Recent longitudinal studies of a large cohort of monozygotic twins, initially discordant for T1D, demonstrated that 65% of twins ultimately develop T1D over a follow-up period of 43 years. These data support the suggestion that all identical twins will eventually become concordant providing they live sufficiently long [7]. The clinical definition of diabetes is determined by the appearance of glucose levels at which end-organ damage is known to occur. It does not account for the fact that the emergence of autoimmunity predates the diagnosis by several years [8].

The large number of identified genes supports the view that several signaling pathways are involved in the development of autoimmunity, finally resulting in the loss of tolerance to pancreatic islets in humans [9]. These findings have important implications for the development of immunomodulatory strategies for T1D. Since the disease is dependent on the individual, not all approaches are equally effective in all subjects. The chronic autoimmune process that usually precedes the development of clinical T1D can be monitored by autoantibody responses. Autoantibodies per se are not directly pathogenic, but they represent biomarkers for the development and status of the autoimmune disease [10]. It has been observed that individuals expressing specific autoantibodies reacting with 2 of 4 well-defined autoantigens (insulin, glutamic acid decarboxylase (GAD65), insulinoma antigen (IA-2), and islet zinc transporter (ZnT8)) eventually progress to the development of T1D [6].

Insulin-specific antibodies may be detected in some children as young as 6-12 months of age and may predate the development of T1D by up to 10 years [11]. The age of development of autoimmunity in T1D is related to the burden of susceptibility genes, with individuals at high genetic risk developing autoimmunity before the age of 5 years [12]. In line with this view, it became clear that young children can progress rapidly, within months after the appearance of autoantibodies, to overt diabetes. In contrast, some children take more than a decade to develop the disease, with evidence of chronic beta-cell destruction preceding diabetes over years, as discussed above [6]. Several studies have indicated that the appearance of autoantibodies is acute, and during the prediabetic period different autoantibodies rise and fall, but usually more than two are expressed, sometimes for decades. Similarly, in the setting of the non-obese diabetic (NOD) mouse model, the development of insulin autoantibodies occurs at an early age of around 15 days after birth.
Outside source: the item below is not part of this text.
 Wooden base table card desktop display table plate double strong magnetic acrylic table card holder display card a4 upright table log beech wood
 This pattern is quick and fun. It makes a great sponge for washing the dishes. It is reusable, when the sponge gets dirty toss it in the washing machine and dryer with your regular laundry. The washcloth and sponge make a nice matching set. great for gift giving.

However, the characterization of other autoantibodies has met with challenges when measured with highly specific assays [1]. Alternatively, the characterization of T-cell-mediated autoimmunity to multiple autoantigens is more advanced in the NOD mouse model than in human T1D.
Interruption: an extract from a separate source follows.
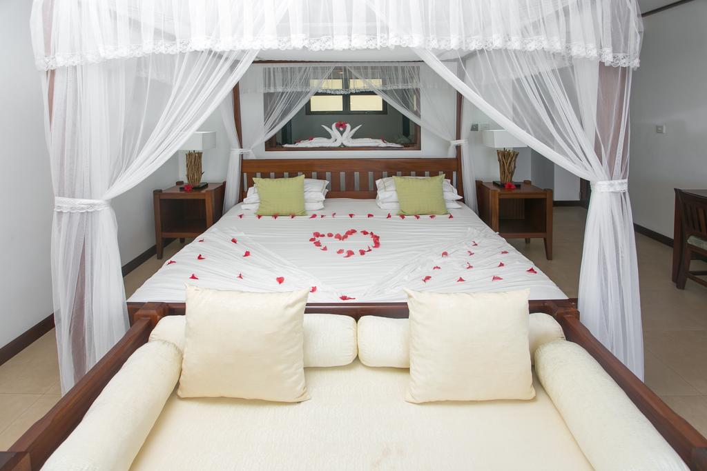 Beach Front Deluxe Rooms. Просторі вілли на першій береговій лінії з видом на море. Спальня (двоспальне ліжко розміру «кінг» або 2 ліжка «твін») з вітальнею, простора ванна кімната з ванною і душем.

After the critical contribution of MHC in defining the risk of developing T1D, the second-most important locus determining T1D is the insulin gene. It has become evident that a polymorphism of a variable number tandem repeat (VNTR) 50 of the insulin gene, and not a variation in the insulin gene sequence itself, contributes to the risk of developing T1D. The long variant of the VNTR is associated with both greater insulin message intrathymically and protection from the development of T1D [13, 14]. Insulin autoantibodies are usually, but not always, the first autoantibodies to appear in young children developing T1D [15]. Insulin autoantibody levels were found to inversely correlate with the age at which diabetes develops [6]. When detected at first, insulin autoantibodies are of high affinity and highly predictive. Insulin works as a critical target of both B cells and T cells in human T1D and in NOD mice [16-18]. In line with this observation, mice which express a mutant insulin gene product not recognized by T cells do not develop the disease [19]. In the context of human T1D, the extent of intrathymic insulin expression has been linked to the incidence of diabetes [13]. In mice and humans, the T cell response to insulin is highly focused on a segment of the B-chain encompassing residues 9-23 [16-18], and the human epitope is identical to that of the murine insulin.
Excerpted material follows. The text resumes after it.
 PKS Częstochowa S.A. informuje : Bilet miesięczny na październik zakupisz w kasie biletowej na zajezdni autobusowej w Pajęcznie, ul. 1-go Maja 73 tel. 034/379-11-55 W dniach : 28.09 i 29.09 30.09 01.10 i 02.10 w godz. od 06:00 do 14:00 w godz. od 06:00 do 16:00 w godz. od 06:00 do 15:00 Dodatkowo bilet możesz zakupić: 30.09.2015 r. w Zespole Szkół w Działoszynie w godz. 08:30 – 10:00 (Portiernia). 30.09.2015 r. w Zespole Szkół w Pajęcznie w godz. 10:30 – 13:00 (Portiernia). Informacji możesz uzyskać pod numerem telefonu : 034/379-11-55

It has been shown that the removal of insulin 1, which is mainly expressed in the islets, is associated with a blockade of disease progression [20]. Conversely, removal of the insulin 2 gene greatly promotes disease progression, most likely because of a deficiency in thymic insulin expression and subsequent loss of central tolerance [20-22]. Finally, retroviral introduction of T cell receptor (TCR) genes from insulin-reactive CD4+ T cells into SCID NOD mice is sufficient to support the development of insulin autoimmunity in a significant proportion of mice [23].

Based on considerable evidence for the importance of insulin as an autoantigen in NOD and human T1D, and combined with the fact that in humans T1D incidence is rising dramatically, especially in young children, intensive efforts have been made to develop self-antigen-specific (e.g. insulin-specific) immunotherapies, with the ultimate goal of achieving a safe and specific prevention of T1D. Indeed, some advances have been made in the development of self-antigen-specific immunotherapy. However, translating these strategies from bench to bedside has met with challenges. Also, the success of clinical trials using natural self-antigens for induction of self-tolerance, e.g. natural insulin in T1D, has been limited. Thus far, three trials of secondary immunoprevention in T1D using whole insulin have been completed:

1. DPT-1 (oral [24] and parental [25])
2. Intranasal Insulin Trial I [26]
3. Intranasal Insulin for Prevention of T1D trial [27]

These studies using oral or intranasal insulin therapy in humans have had either no or limited clinical benefit in human T1D [28, 29]. Subsequent subgroup analysis of data from the DPT-1 trial supported the hypothesis that patients with high insulin-specific antibody titres who received oral insulin had a delay in progression to T1D [24]. The beneficial side-effect profile of oral and inhaled insulin in secondary immuneprevention trials has led to the establishment of a Phase I trial (named Pre-POINT) to assess the effects of mucosal insulin therapy for primary immunoprevention [30].

However, thus far the applied immunomodulatory approaches did not address the question of whether the choice of antigen, the time point and route of administration were suitable to induce tolerance in the respective population at risk of developing T1D. Furthermore, no specific protocols for the conversion of naïve T cells into Foxp3-expressing regulatory T (Treg) cells have been explored. Therefore, it has been proposed that disease state, antigen dose, route of administration, study cohort, and the choice of antigen, e.g. insulin vs. insulin B chain peptides, work as critical parameters in inducing tolerance [28, 29]. Moreover, an improved understanding of the requisites for an efficient induction of human self-antigen-specific Foxp3+ Treg cells in an autoimmune setting such as T1D is needed.

When developing a novel T1D immunotherapeutic approach, it must build on known approaches for manipulating autoimmune mechanisms to devise novel therapeutic strategies that address these unmet medical requirements, as outlined above. In the context of the young patient population increasingly affected by T1D, the challenge is to achieve clinical efficacy in the absence of chronic immunosuppression to avoid compromising the host’s defense against infections and tumors. Ultimately, the scientific efforts should result in a range of immunotherapeutic options that combine short-term β-cell preservation with long-term modulation of autoimmunity by the restoration of immunological self-tolerance. As in other immune-mediated diseases, it is unlikely that a single treatment will be effective in all patients. Biomarkers indicating clinical and immunologic efficacy will be required, along with the identification of combinatorial approaches that can guide immunotherapy for individual patients. In the present review, we discuss the requisites and opportunities for immunotherapeutic strategies to interfere with autoimmunity such as T1D, with particular emphasis on the generation of self-antigen specific Foxp3+ Treg cells.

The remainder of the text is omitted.